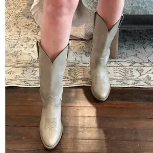 Frye Vintage Taupe Tan Leather Almond Toe Mid Calf Cowgirl Boots
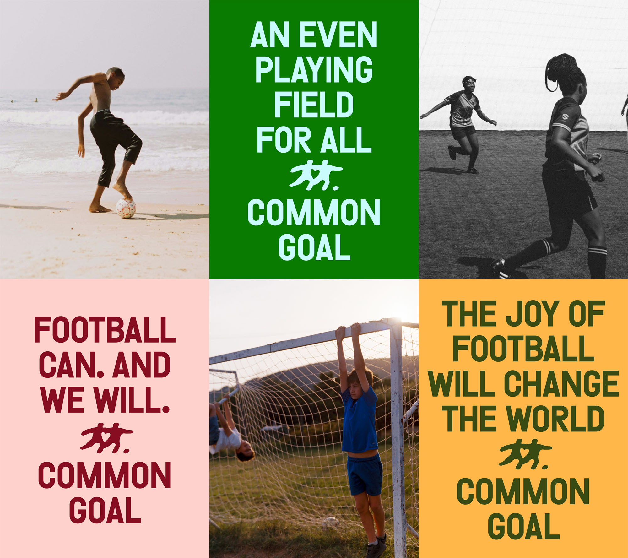 通过品牌形象设计的立体构建,Common Goal完成从”慈善平台”到”文化符号”的升级。新slogan”足球赋能美好”(Football for Good)与品牌叙事深度绑定,配合女性世界杯2025、男子世界杯2026等重大赛事节点,形成持续的社会议题发酵能力。
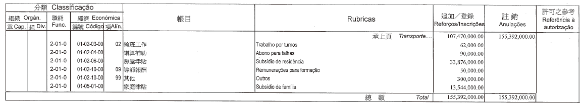 | 01 | 01 | 01 | 00 | 00 | 法律通過之編制人員 | |||
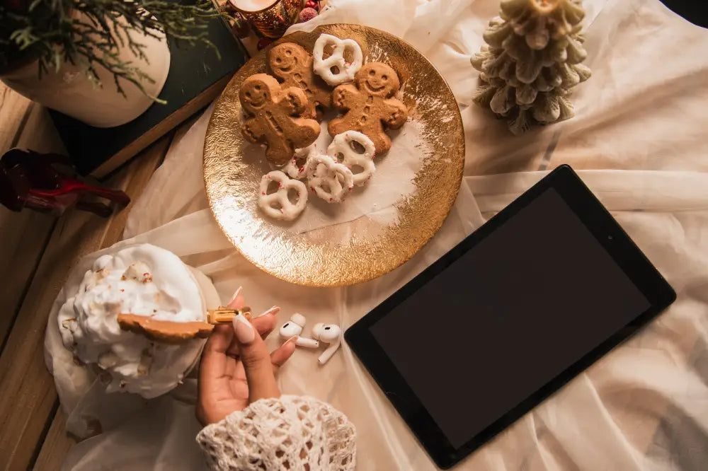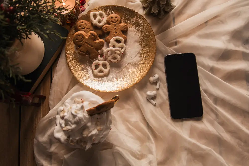SEO Keywords: cozy Christmas flatlays, warm holiday visuals, seasonal lifestyle stock photos, Christmas morning aesthetic, festive branding images.
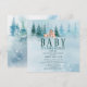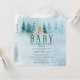 Lindo convite de chá de bebê com cena da terra das maravilhas de inverno em aquarela para chá de bebê de menina ou menino. Vire nosso convite para ver uma parte de trás coordenada para um toque extra especial.
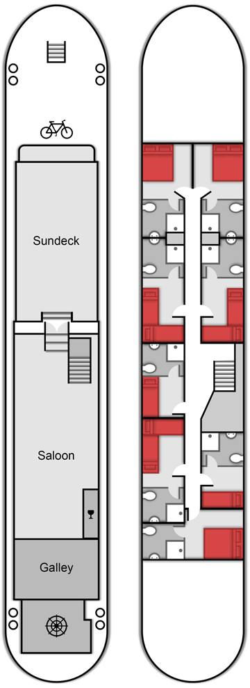 The raised sundeck is the ideal spot to enjoy your morning coffee or a sundowner while watching the centuries-old farms and lock houses pass by. If you want to cycle along the towpath and explore the charming villages along our route, you can take advantage of the bicycles and helmets that are stored just below on the front bow deck.
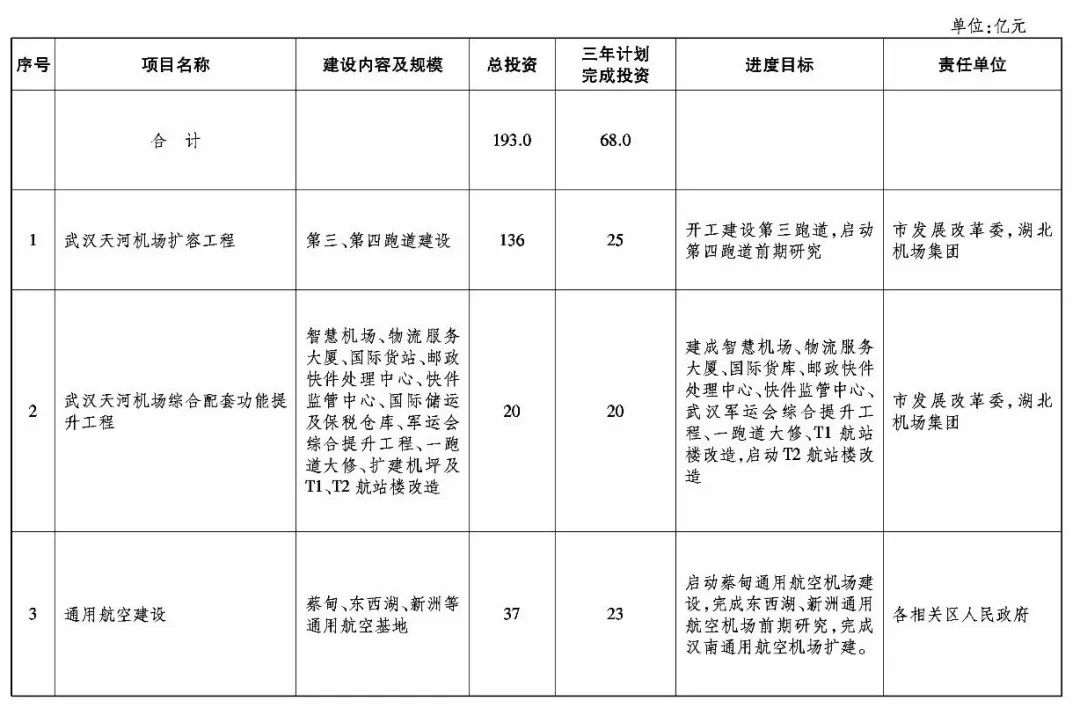 3年內將建設通用航空,啟動武漢天河機場擴容、機場綜合配套功能提升工程。
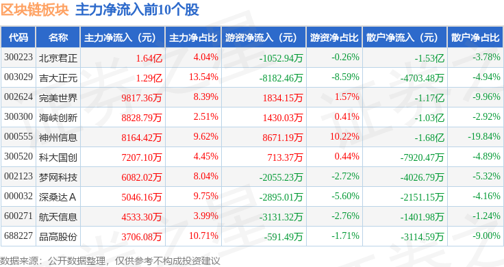从资金流向上来看,当日区块链板块主力资金净流出35.89亿元,游资资金净流入8.77亿元,散户资金净流入27.12亿元。区块链板块个股资金流向见下表:
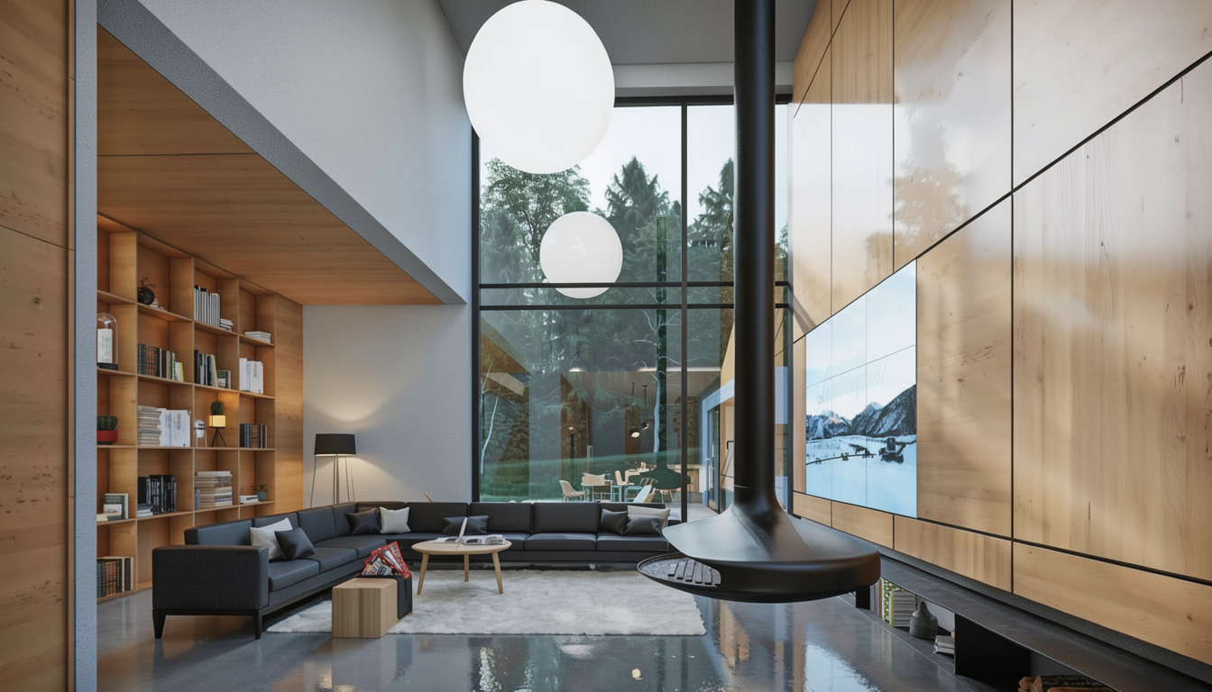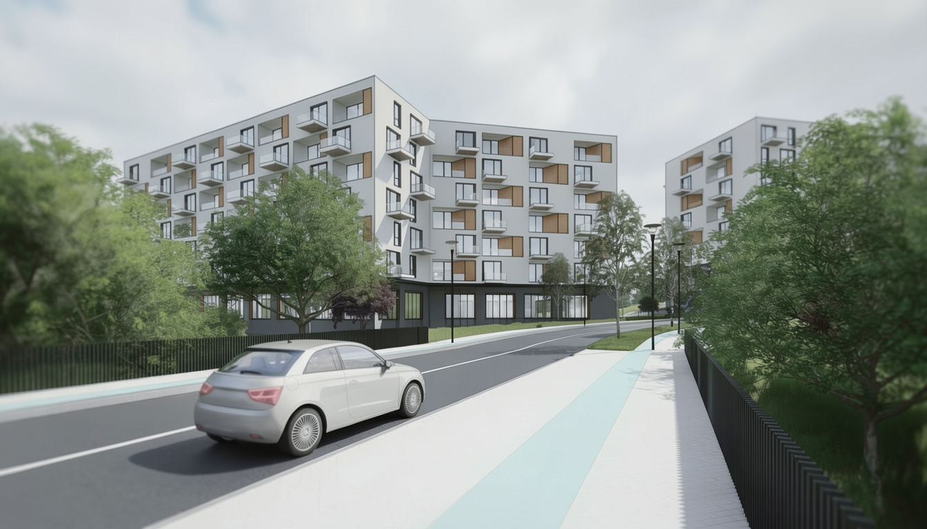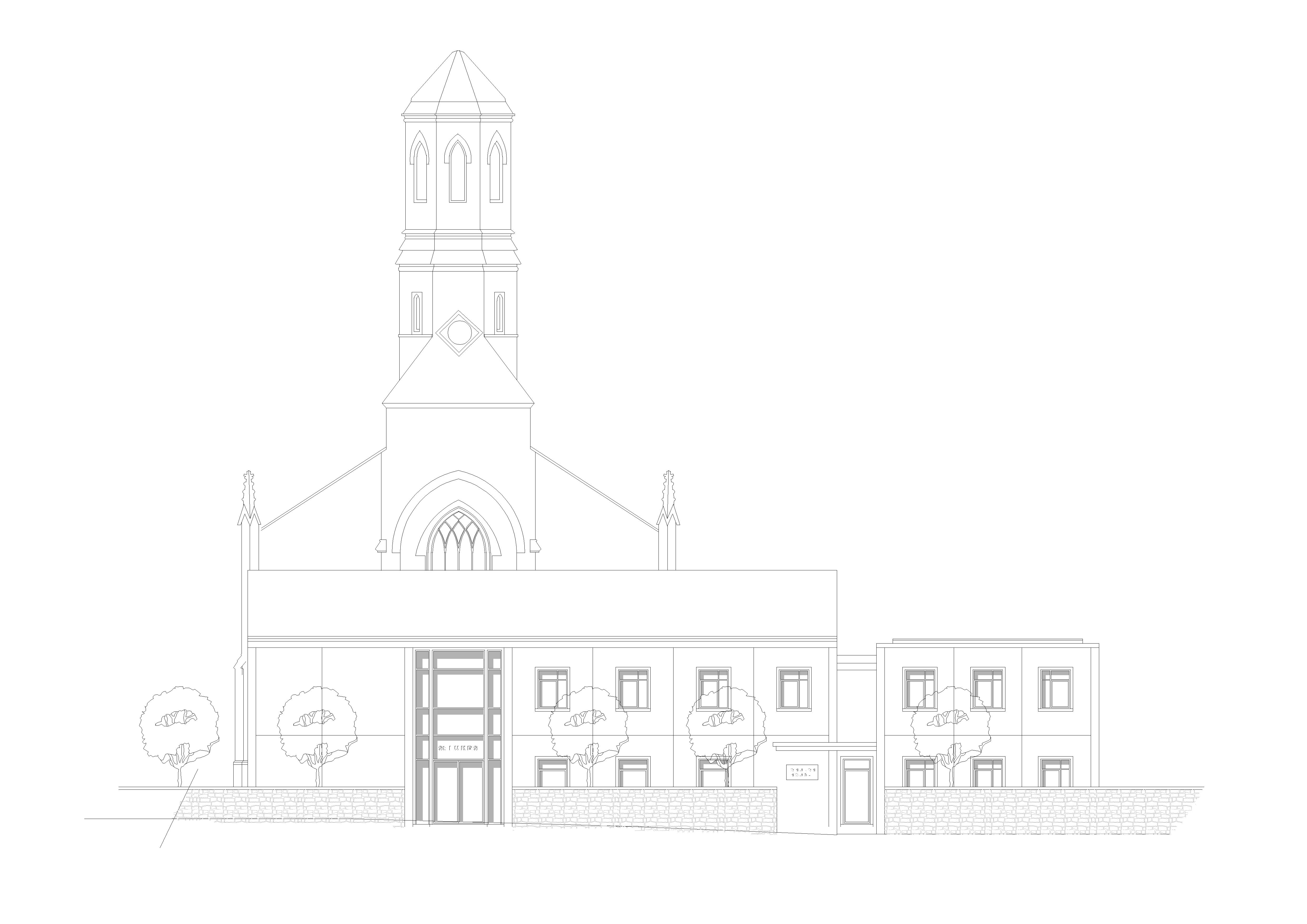 render this line drawing to include white panel clad walls anthracite window frames lush green trees grey stone walls to the church tower in the background highway in the foreground no extra trees

HOW TO COMPLETE THIS TASK: All that is needed is an exact copy of the entries above, minus the pictures.

SOLUTION:
 Frye Vintage Taupe Tan Leather Almond Toe Mid Calf Cowgirl Boots
 通过品牌形象设计的立体构建,Common Goal完成从”慈善平台”到”文化符号”的升级。新slogan”足球赋能美好”(Football for Good)与品牌叙事深度绑定,配合女性世界杯2025、男子世界杯2026等重大赛事节点,形成持续的社会议题发酵能力。
 | 01 | 01 | 01 | 00 | 00 | 法律通過之編制人員 | |||
SEO Keywords: cozy Christmas flatlays, warm holiday visuals, seasonal lifestyle stock photos, Christmas morning aesthetic, festive branding images.
 Lindo convite de chá de bebê com cena da terra das maravilhas de inverno em aquarela para chá de bebê de menina ou menino. Vire nosso convite para ver uma parte de trás coordenada para um toque extra especial.
 The raised sundeck is the ideal spot to enjoy your morning coffee or a sundowner while watching the centuries-old farms and lock houses pass by. If you want to cycle along the towpath and explore the charming villages along our route, you can take advantage of the bicycles and helmets that are stored just below on the front bow deck.
 3年內將建設通用航空,啟動武漢天河機場擴容、機場綜合配套功能提升工程。
从资金流向上来看,当日区块链板块主力资金净流出35.89亿元,游资资金净流入8.77亿元,散户资金净流入27.12亿元。区块链板块个股资金流向见下表:
 render this line drawing to include white panel clad walls anthracite window frames lush green trees grey stone walls to the church tower in the background highway in the foreground no extra trees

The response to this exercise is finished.